This article was originally published in The Good Life issue #2, 1995. The entire issue looked at infectious diseases like Aids and drug resistant tuberculoisis,and how dietary and lifestyle factors can weaken our immune system, making us more prone to these diseases.
The quality of salt has changed completely over the past 100 years or so. The salt that is now commonly available is refined salt. It contains at least 99.9 percent sodium chloride. The salt is highly unnatural. It’s more like a chemical drug. And it is harmful. Moreover, the salt is often produced in a very unnatural way-by heating sea water in a very hot “oven” of over 1,200ºF. Such high temperatures change the molecular structure of salt crystals, again rendering them harmful. Natural sea salt is produced simply by drying sea water under the sun. It is not pure sodium chloride, but it also includes about 4 percent potassium chloride, plus traces of more than 50 other mineral salts. (The actual composition depends on where the salt comes from.) This is the only type of salt suitable for human consumption.
Grey vs white sea salt Natural sea salt comes in two forms grey and white.

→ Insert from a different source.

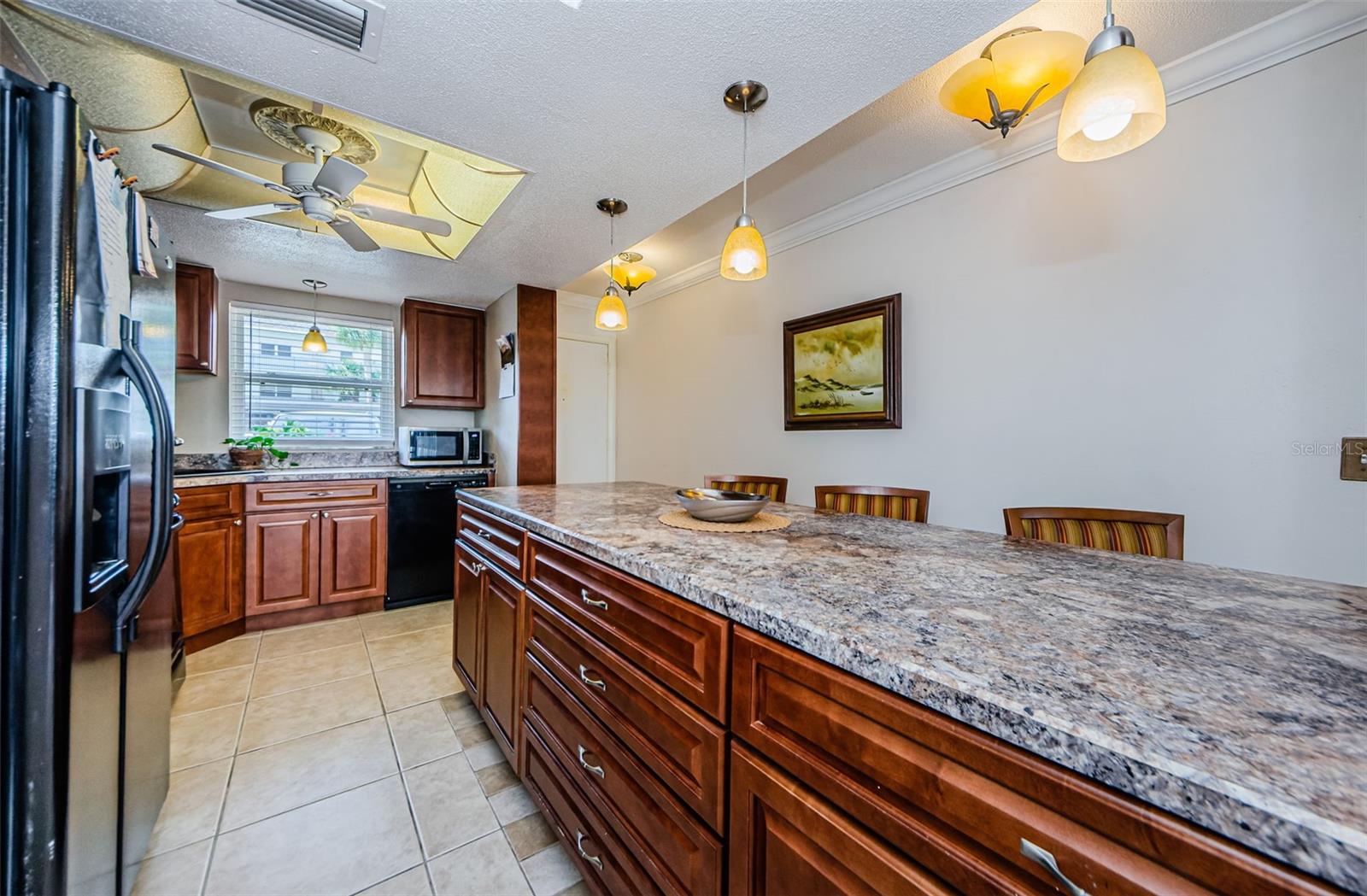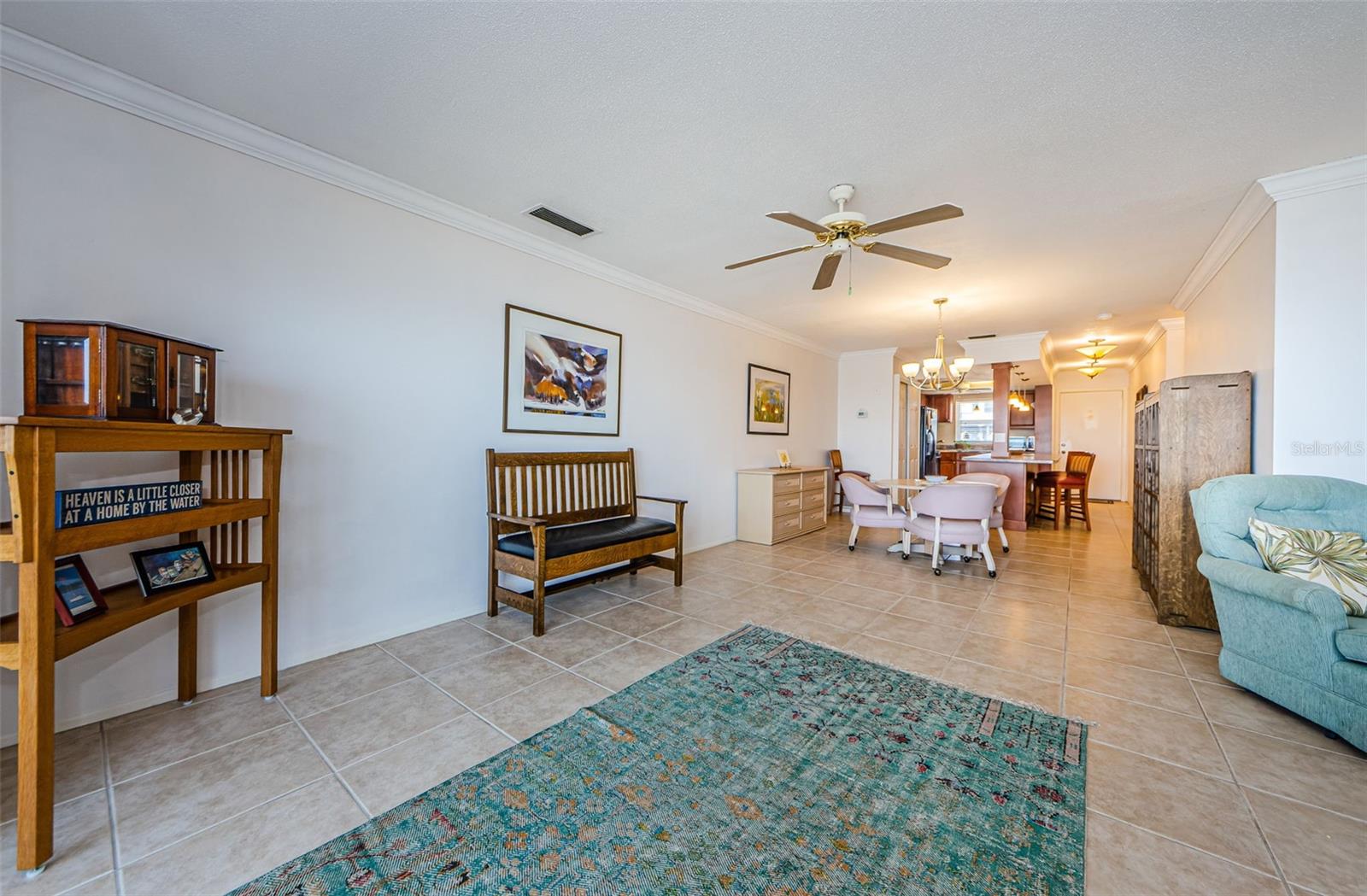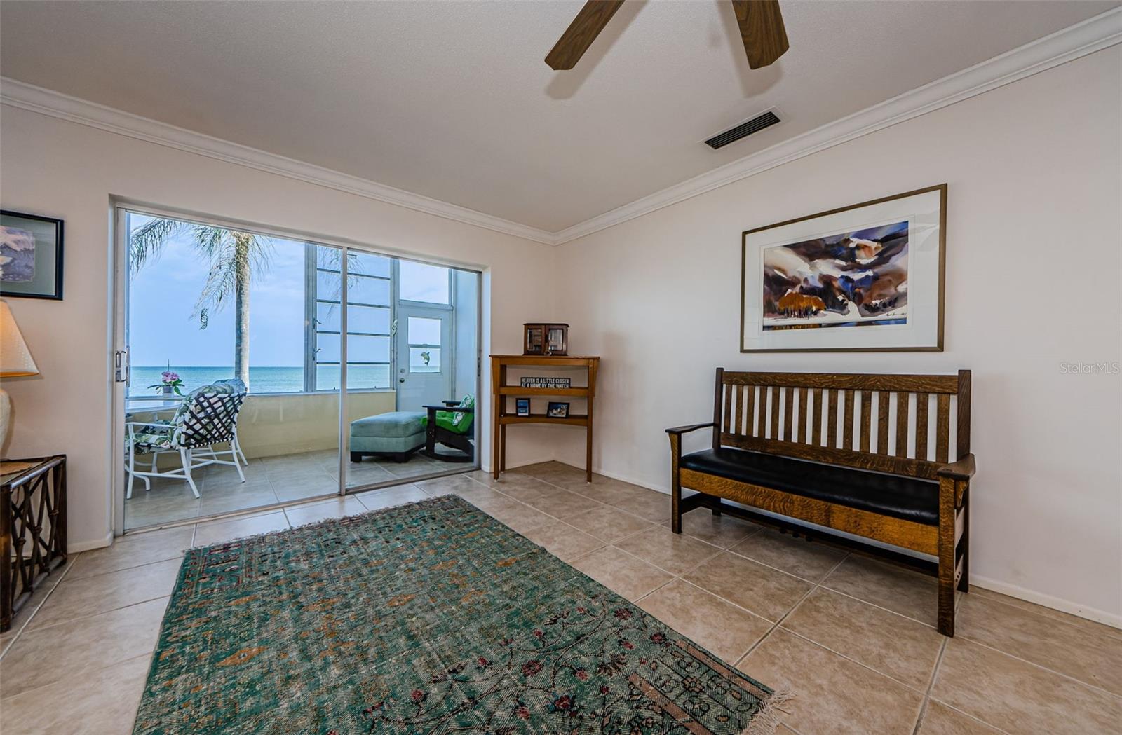 ***PRICE ADJUSTMENT***SPECTACULAR WATER VIEWS from this large 1st floor 1 bed 1 bath FURNISHED home! Enter this unit and the 1st thing you will see is the water! The open updated kitchen has beautiful soft close cabinets. L shaped living room has potential to portion off for 2nd bedroom or study. Electric panel installed 2023. Your next step is into the bright sunroom which opens directly to the outside. There you can watch the dolphins as they swim by, or just sit and enjoy peace and quiet with the background music of waves lapping against the seawall. Breathtaking sunsets night after night are part of the island life here. Enjoy the beach and collect shells at Honeymoon Island State Park. Take a dip in the warm, heated pool every day of the year where the spectacular views will make you forget about the rest of the world, even for just a little bit! Across the street is the Pinellas Bike Trail which extends for miles and miles. Head over to Honeymoon Island State Park and explore the beach shoreline; navigate the woods and admire the flora and the wildlife, including ospreys and eagles. Browse shops and cafes in quaint downtown Dunedin, 2 miles away. All this and more awaits you. Kitchen and living areas are tiled in a neutral tone. Bedroom has newer carpeting. Small vanity area separates bedroom from walk-in closet. Updated bathroom has tub/shower. Gas appliances. (Gas is included in HOA) Ceiling fans throughout; Private covered parking space included directly across from your door; Many community activities and gatherings for your participation. Tennis, pickleball, shuffleboard, horseshoes, bocce; Heated pool comfortable year-around; Private fishing pier, car wash area, and air pump. gas grills, fire pit, picnic area; Dunoon Building is scheduled to add new roof. Assessment has been paid by seller. Dunoon has completed its Milestone Inspection Report and has passed without issue. 55+ no-pet community. Fees include water, cable, 2 DVRs and internet, garbage and recycling, building maintenance and insurance, landscaping and use of all community facilities; Amenities include: Clubhouse with fitness center, sauna and steam rooms, billiards, card room all with gorgeous views of the Gulf of Mexico and/or St. Joseph Sound and the mainland beyond. Located on Dunedin Causeway and easy access to Pinellas Trail – bicycle for miles safely and unimpeded; Commercial kayak/surfboard and sailboat rentals available right on the causeway; Honeymoon Island State Park and Caladesi Island Ferry (ranked one of the most beautiful beaches in the U.S), are steps away from your Island Paradise. Close by are restaurants, supermarkets, banks, various shops and boutiques, salons, and medical facilities. DON'T LET THIS ONE GET AWAY...This idyllic spot will make you very excited to call it HOME!!! Furnished with exception of Large Vizio TV, Sea Gull painting and green area rug in LR, 2 wooden shelves in Dr and wood bench.

Grey sea salt, such as Celtic salt, is totally unrefined while white sea salt is minimally refined, to remove magnesium chloride. There is some debate, especially in macrobiotic circles, over which type of salt to use. Some argue that only grey salt should be used since it is totally natural. Others argue that its effect is very strong in macrobiotic terms, very yang. People who use grey salt tend to become physically very stiff and mentally very stubborn after many years. So they recommend white sea salt.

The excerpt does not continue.